WHAT TO WORK ON: Retype nothing except the lines below from the one with "Мужская летняя однотонная" through the one with "上:左側写真/前半10分、札", exactly, with images left out.
::: SUPPLIED RECORDS :::
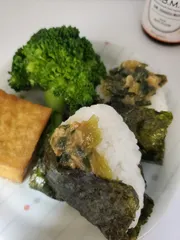 🍴食べたもの🍴玉ねぎの葉っぱ味噌おにぎり🍙ブロッコリー、厚揚げ■□■ちょっと意識したこと■□■父が出荷する玉ねぎの棄ててしまう葉の部分を使ったこと。手作りの麦味噌有明海産 焼きのり■□■材料■□■玉ねぎの葉、麦味噌、きび砂糖、ホワイトリカー、米油。おにぎり。■□■作り方■□◼️玉ねぎの葉を米油で炒め
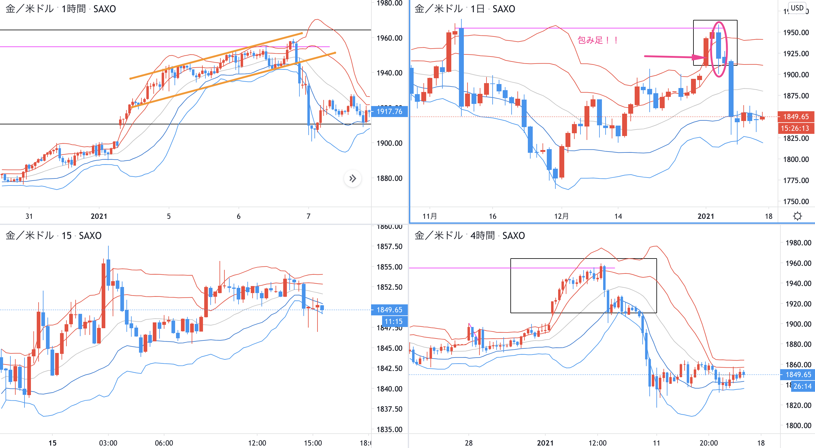 また強いトレンドが出ている時に大きく包み足のように切り返してきたら、一旦流れが弱くなっているサインです。
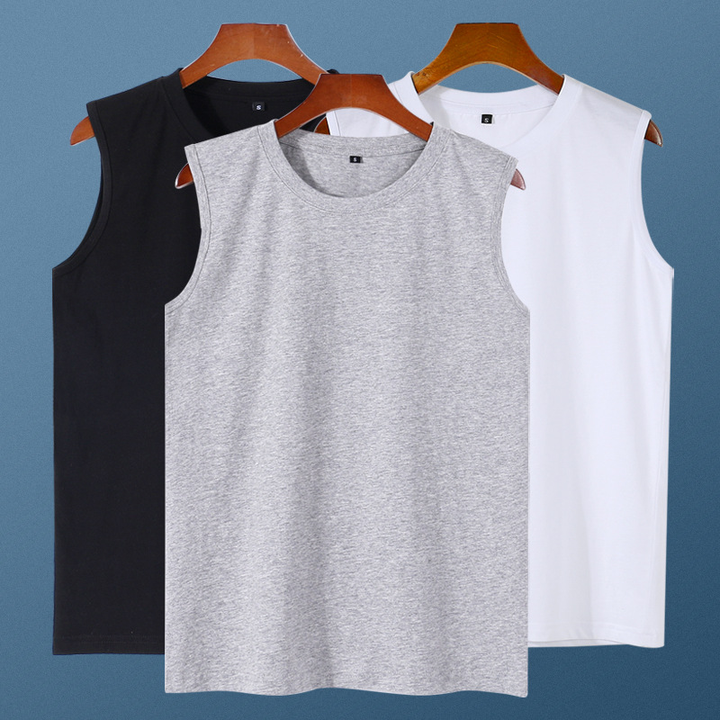 Мужская летняя однотонная хлопковая майка без рукавов для занятий спортом, фитнеса, может носиться как верхняя одежда, облегающий крой.
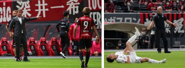 上:左側写真/前半10分、札幌DF福森のレッドカードでの退場が確定し、MF金子(9番)にフォーメーションの変更を指示するペトロビッチ監督
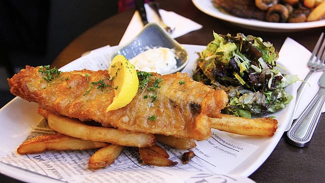 The classic recipe for fish and chips -- white fish deep-fried in batter, chips, and mushy peas, often with tartare sauce on the side -- dates back to the 1860s.
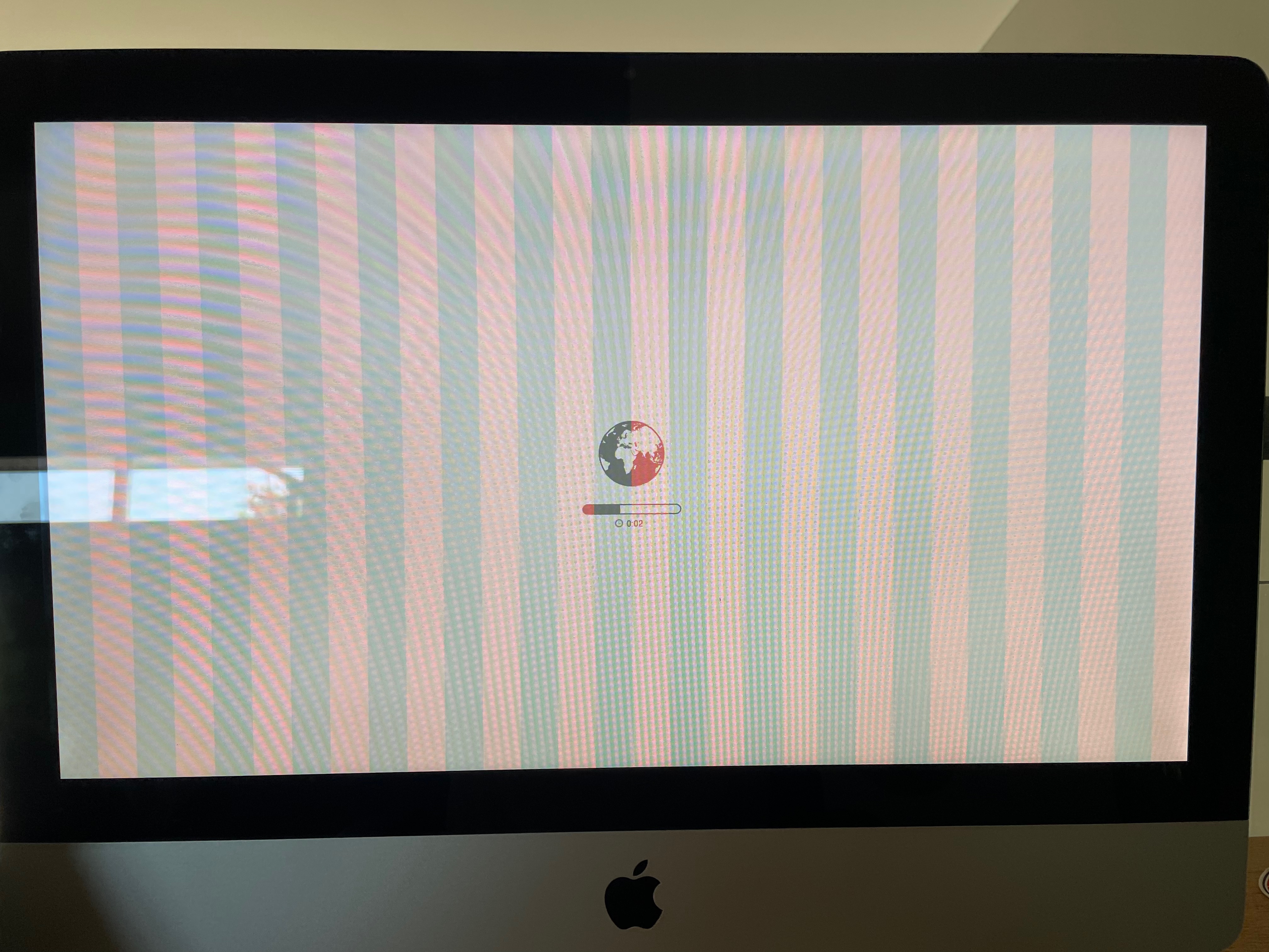 Le globe qui tourne et la barre de progression apparaissent, ensuite la pomme et la barre de progression apparaissent mais elle s’arrête au 3/4 , puis un écran blanc apparaît et là, le Mac est figé.
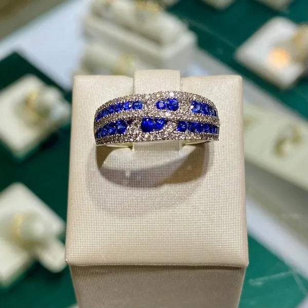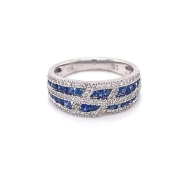 This ring is made in 18k white gold and features .64cttw of ceylon blue sapphires and an additional .38cttw of accent diamonds. Size 6
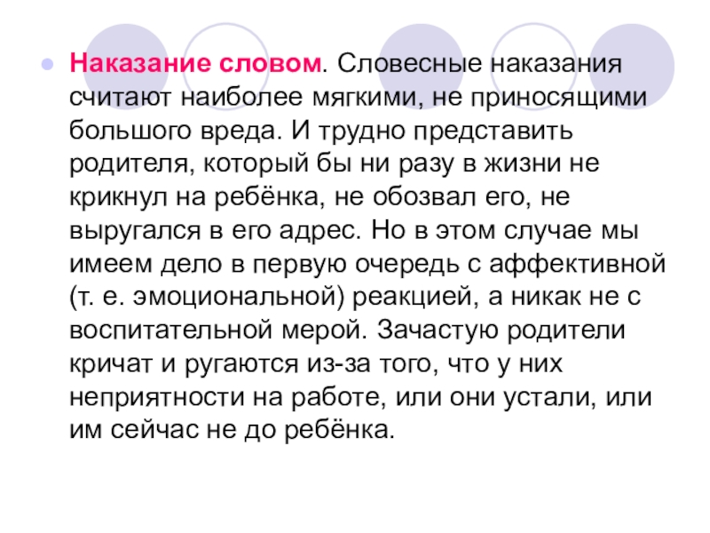 Слайд 9Наказание словом. Словесные наказания считают наиболее мягкими, не приносящими большого вреда.
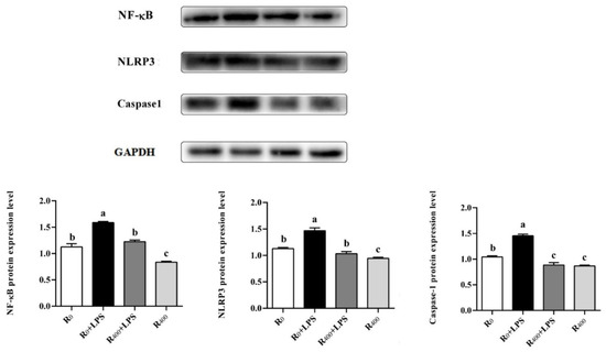 | NLRP3 | 1.06 ± 0.13 b | 1.70 ± 0.23 a | 1.10 ± 0.40 b | 0.85 ± 0.08 b |
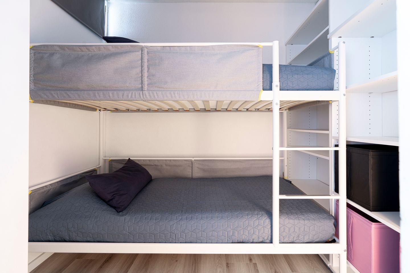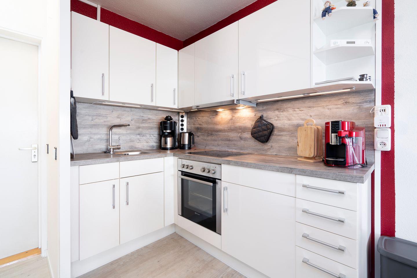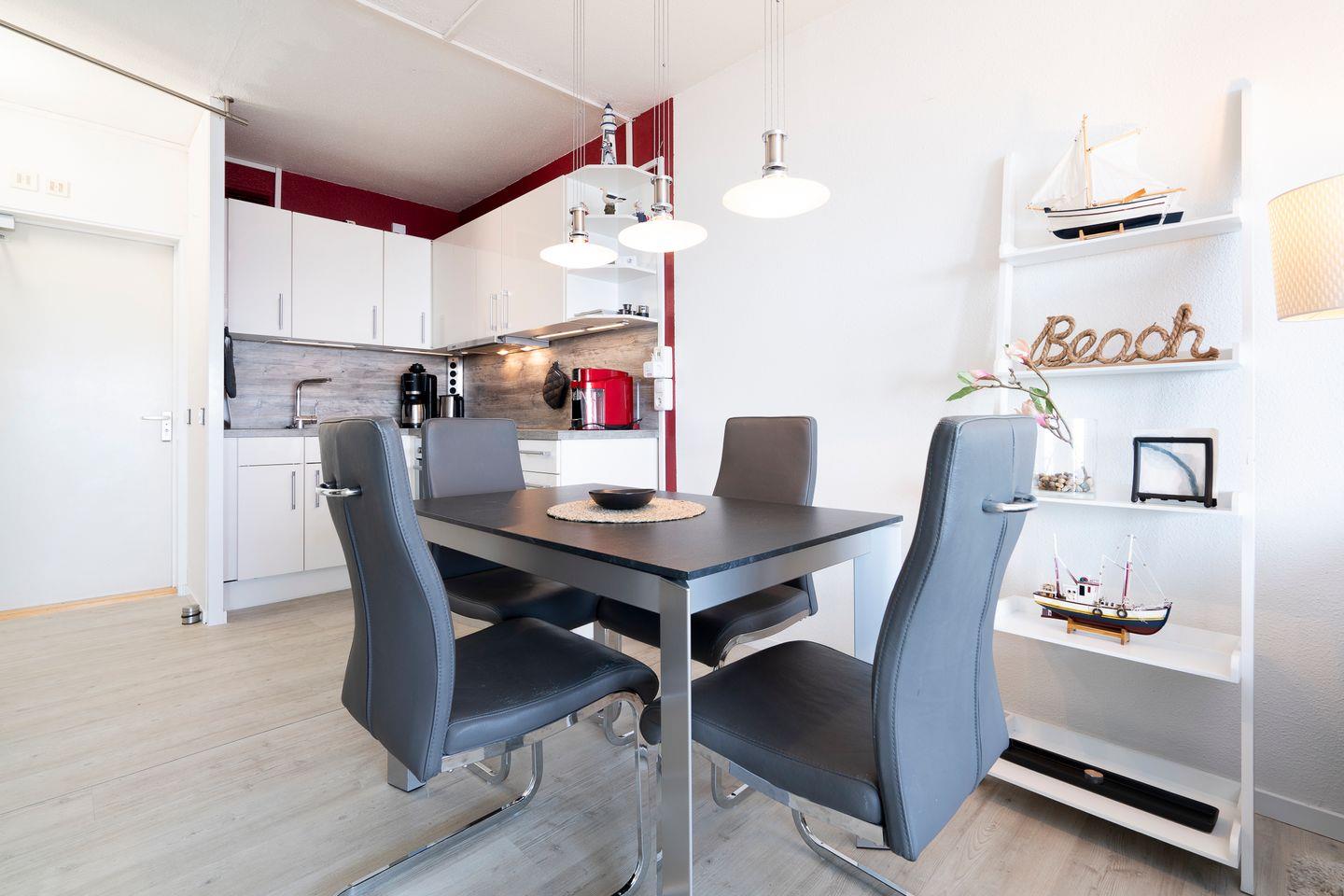 Die Wohnung liegt in der 8. Etage und hat einen Balkon in Ostlage. Von hier aus können Sie nicht nur den Hansapark sehen, sondern auch einen schönen Fernblick auf die Ostsee genießen. Im ersten Schlafraum mit Fensterfront steht ein Doppelbett (2x 90 cm x 200 cm). Das Fenster lässt sich nicht öffnen, gewährt aber Blick auf die Ostsee - aufwachen und das Meer sehen, so kann der Tag beginnen! Im zweiten, innenliegenden Schlafraum steht ein Etagenbett (jeweils 90 cm x 200 cm). Die kleine, moderne Küche ist mit Backofen und Herd ausgestattet und in den Ess- und Wohnbereich integriert. Die Wohnung verfügt über eine eigene Waschmaschine. Das Wannenbad ist innenliegend. Der Strand ist fußläufig in wenigen Minuten zu erreichen. PKW-Stellplatz inklusive.
:::
RESPONSE:
 Мужская летняя однотонная хлопковая майка без рукавов для занятий спортом, фитнеса, может носиться как верхняя одежда, облегающий крой.
 上:左側写真/前半10分、札幌DF福森のレッドカードでの退場が確定し、MF金子(9番)にフォーメーションの変更を指示するペトロビッチ監督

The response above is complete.